ENH: Extend coverage for benchmark of np.unique #29621

math-hiyoko · 2025-08-25T04:37:47Z

Following the discussion in #29537 (comment), this PR expands our np.unique benchmarks beyond small float arrays to better reflect real-world usage.
In particular, it adds complex and string inputs, tests a wider range of sizes, and varies the proportion of distinct values.

ngoldbaum · 2025-08-25T21:24:43Z

I tried running the benchmarks locally using this PR but couldn't actually finish running them. Can you make sure that these can complete in a reasonable amount of time? For reference, the current Unique benchmarks on main complete in about 10 seconds on my development machine. I was waiting at least two minutes before I killed the benchmark run on this PR.

You can run a "quick" version of the benchmarks you modified locally with this command:

spin bench --version --quick -t Unique

math-hiyoko · 2025-08-26T14:50:57Z

I trimmed the parameter grid (fewer nans ratios) in order to reduce the number of repetitions per case. With these changes the Unique benchmarks complete in about 6-7 minutes on my machine.

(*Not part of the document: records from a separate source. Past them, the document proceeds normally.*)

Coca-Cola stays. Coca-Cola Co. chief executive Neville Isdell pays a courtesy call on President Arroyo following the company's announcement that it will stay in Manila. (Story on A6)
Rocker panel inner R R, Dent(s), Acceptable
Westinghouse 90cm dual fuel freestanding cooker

$ time spin bench --quick -t Unique
...
real    6m39.247s
user    6m16.166s
sys     0m10.816s

math-hiyoko · 2025-08-27T04:37:06Z

For large StringDType arrays, a single trial can take several seconds, so keeping the entire benchmark run to ~10 seconds while still collecting meaningful measurements is difficult.

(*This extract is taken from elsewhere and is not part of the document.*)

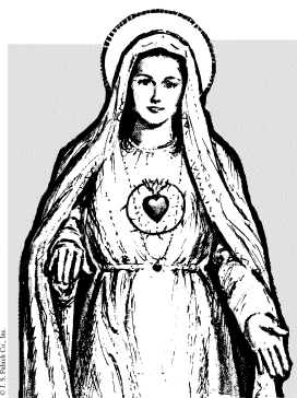
Immaculate Heart of Mary

We are starting the first Saturday devotions to Our Blessed Mother on the first Saturday of November. It will take place immediately after the 9 am Mass on November 4, 2017, December 2, 2017, January 6, 2108, February 3, 2018 and March 3, 2018. On November 4 the devotion will take place in our convent chapel due to a scheduling conflict.

mattip · 2025-08-27T07:28:50Z

This is run for every PR in CI, so keeping the time down is critical. The whole benchmark CI run now takes 20 minutes in this PR, where previously it took about 5-6 minutes.

benchmarks/benchmarks/bench_lib.py

ngoldbaum · 2025-08-29T16:26:04Z

@math-hiyoko I know you're more concerned with getting the performance improvement merged than this. I'll try to set aside some time to suggest how to trim down on the parameterization or data size to get a more reasonable benchmark.

Unfortunately benchmark is difficult and the numpy benchmarks are imperfect. We might have to err on the side of missing stuff just to have a benchmark suite that developers can run and iterate on in a reasonable amount of time.

math-hiyoko · 2025-08-30T16:23:17Z

If we want the ability to run more thorough benchmarks on some occasions and not others, one possible solution is to follow the model used by scikit-learn , or something similar to it. For example, they have an SKLBENCH_PROFILE environment variable that can be swapped between regular, fast, and large_scale.

I agree this would be a good direction, but I won’t implement it in this PR.
I’ll open a separate issue to track this idea.

math-hiyoko · 2025-08-30T16:40:44Z

We might have to err on the side of missing stuff just to have a benchmark suite that developers can run and iterate on in a reasonable amount of time.

I agree that prioritizing reasonable runtime is the right approach.

With the current state of the commits, the Unique benchmarks complete in under a minute on my local machine.
Do you all think this is still insufficient?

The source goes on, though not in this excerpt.